Your task - In the entries that follow, find the line containing "Zajedno s predsjednikom"; from there, copy every line exactly through the line containing "앱 내 결제(인앱 결제)의".

Working data -
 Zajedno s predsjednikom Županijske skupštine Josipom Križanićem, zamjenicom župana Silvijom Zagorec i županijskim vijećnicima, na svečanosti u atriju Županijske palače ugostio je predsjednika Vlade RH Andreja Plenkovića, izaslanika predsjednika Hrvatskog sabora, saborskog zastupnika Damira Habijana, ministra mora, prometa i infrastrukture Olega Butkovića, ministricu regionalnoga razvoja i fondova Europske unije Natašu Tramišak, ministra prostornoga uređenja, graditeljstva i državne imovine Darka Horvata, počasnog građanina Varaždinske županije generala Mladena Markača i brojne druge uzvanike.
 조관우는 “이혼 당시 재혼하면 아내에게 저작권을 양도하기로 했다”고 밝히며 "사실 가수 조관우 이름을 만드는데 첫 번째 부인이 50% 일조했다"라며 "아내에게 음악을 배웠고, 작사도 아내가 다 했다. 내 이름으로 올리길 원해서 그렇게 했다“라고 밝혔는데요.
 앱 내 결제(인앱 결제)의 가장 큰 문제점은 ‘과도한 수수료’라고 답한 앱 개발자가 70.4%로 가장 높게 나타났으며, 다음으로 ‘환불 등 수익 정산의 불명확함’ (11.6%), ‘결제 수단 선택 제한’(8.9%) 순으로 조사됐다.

==

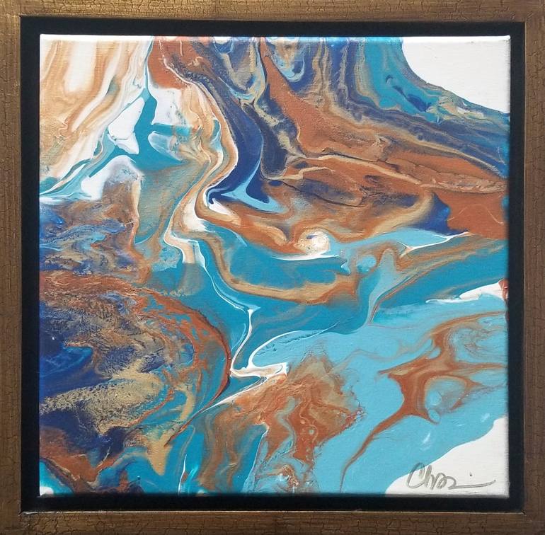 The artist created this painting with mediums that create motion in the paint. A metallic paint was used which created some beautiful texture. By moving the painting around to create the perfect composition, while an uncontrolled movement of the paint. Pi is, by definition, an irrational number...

Answer to this problem -
 Zajedno s predsjednikom Županijske skupštine Josipom Križanićem, zamjenicom župana Silvijom Zagorec i županijskim vijećnicima, na svečanosti u atriju Županijske palače ugostio je predsjednika Vlade RH Andreja Plenkovića, izaslanika predsjednika Hrvatskog sabora, saborskog zastupnika Damira Habijana, ministra mora, prometa i infrastrukture Olega Butkovića, ministricu regionalnoga razvoja i fondova Europske unije Natašu Tramišak, ministra prostornoga uređenja, graditeljstva i državne imovine Darka Horvata, počasnog građanina Varaždinske županije generala Mladena Markača i brojne druge uzvanike.
 조관우는 “이혼 당시 재혼하면 아내에게 저작권을 양도하기로 했다”고 밝히며 "사실 가수 조관우 이름을 만드는데 첫 번째 부인이 50% 일조했다"라며 "아내에게 음악을 배웠고, 작사도 아내가 다 했다. 내 이름으로 올리길 원해서 그렇게 했다“라고 밝혔는데요.
 앱 내 결제(인앱 결제)의 가장 큰 문제점은 ‘과도한 수수료’라고 답한 앱 개발자가 70.4%로 가장 높게 나타났으며, 다음으로 ‘환불 등 수익 정산의 불명확함’ (11.6%), ‘결제 수단 선택 제한’(8.9%) 순으로 조사됐다.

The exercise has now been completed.